As I lie here in bed trying to sleep in the wee hours of the morning., this is the time of the day when the thoughts come and go. Sometimes they’re ingenious. This is when inspiration flows. Sometimes I think they’re ingenious and in the light of day I say “What was I thinking?”
On the scale of great thoughts, this one isn’t all that high, but it means something to me. I’m thinking of Star Trek and Mr. Spock and Captain Kirk. Star Trek was an extremely influential show in my past. I think of it often even ot this day. As a kid I think most people gravitated to Captain Kirk. He was the fiery one, the take charge guy, the one who got the ladies. I liked Mr. Spock. I liked his cool, his calm, his composure. He was meditating before I ever knew what meditation was. I wanted to be like him. Spock was the cool one for me.
I’m realizing both Kirk and Spock live inside me now. Spock is the “Observer”. As someone trying to learn mindfulness (first as a survival mechanism), I try first to focus on being in the moment. Second, I’m trying to work on understanding, labeling and detaching from my emotions. There are times when the Observer (or the Spock) side of me, my higher more evolved self will look in and say “Fascinating.” Spock can appreciate what is happening and is intrigued by it. I can step outside and watch how these events unfolding are opportunities for growth, for spiritual advancement. I can see how in the bigger scheme of things this may all be “working together for the good”.
Then, there are those times, the Kirk side of me is in charge. The scared little boy who doesn’t want to go through this “growth” stuff. I just want everything to be OK- NOW. I don’t want to take my medicine, have the surgery, lift the weights, whatever metaphor you want to use. I’m tired. I just want to go home. I want to take a nap. I’m done!
As I aspire to life more in the Light to be more my authentic self to live every day and every moment in an enlightened awareness, I have to remain mindful that living as an enlightened being is not the reason I came here. I have been wrestling with the concepts of being awakened and being enlightened. I think I am awakened in that I now know who I truly am. The thing is most of the time I forget and I don’t live like it. To be enlightened is to live like that every moment of every day. I am not enlightened.
At times, I can intellectualize all of this and tell myself the pain is temporary, that it will all be all right in the end (and it will). I can’t live that out every moment though. And that is OK. There’s a reason for the pain and the process.

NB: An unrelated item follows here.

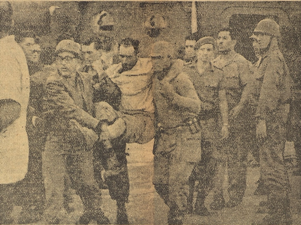
Miembros del ejército efectúan labores de salvamento en las provincias afectadas por el paso del ciclón. Su trabajo en ese sentido se ha destacado en dichas zonas por su heroísmo y tenacidad.

En otras áreas de la Cuenca del Cauto pudimos comprobar con el lento bajar de las crecidas, toda la crudeza de las incalculables pérdidas sufridas en la zona. En los terrenos de las granjas comprendidas entre el nacimiento del Contramaestre y la desembocadura del Cauto pueden llamarse zonas devastadas. En las cercas de lo que antes fueron vastas zonas de crianza, centenares y centenares de reses aparecen comprimidas contra las cercas de alambres, en procesión por la corriente o tiradas en impresionante cantidad en los potreros

There’s a reason I was made weak and sent here. To try to bypass that would be to defeat the goal. I have to feel the emotions, the pain, deal with the suffering. Back to Kirk and Spock. Spock was only half Vulcan. The other half of him was human. Spock constantly struggled to suppress the human side of himself, the side he saw as weak. But, I’m meant to be human. The awakening I have had is beneficial. It dulls the pain, keeps it to a manageable level, but it’s not going to take it away. It’s not supposed to. I think I am given enough to be able to make it through, but never will given so much as to take it away. That will happen when I slip out of this body and wake up back at Home.
As I go through this most difficult time of my life (I hopefully am safe in saying it’s the most difficult time I will ever have because I could not survive any more), I am first and foremost focusing on surviving it. I’m coming up on six months since Shayna passed and if you had told me that I could live six months after that, I would have told you you were crazy. I don’t know what I expected to happen, but there have been times when I just felt like the next breath would not come. So, survival is job one. A friend who was a professional counselor in a past career was having a conversation with me and asked me if I could see any lessons I might learn from this holiday season coming up, any opportunities for growth/advancement. I thought for a moment. The short answer is “no”. This is a time to just get through. Maslow’s hierarchy of needs. Before we can concentrate on growth or fulfillment, we have to provide for survival. I’m not looking for any advancement in the next few weeks, I’m looking to get through it. I’ll have my head down focused on one day at a time. Maybe in a few weeks or months or whatever, I can look back and find the lessons.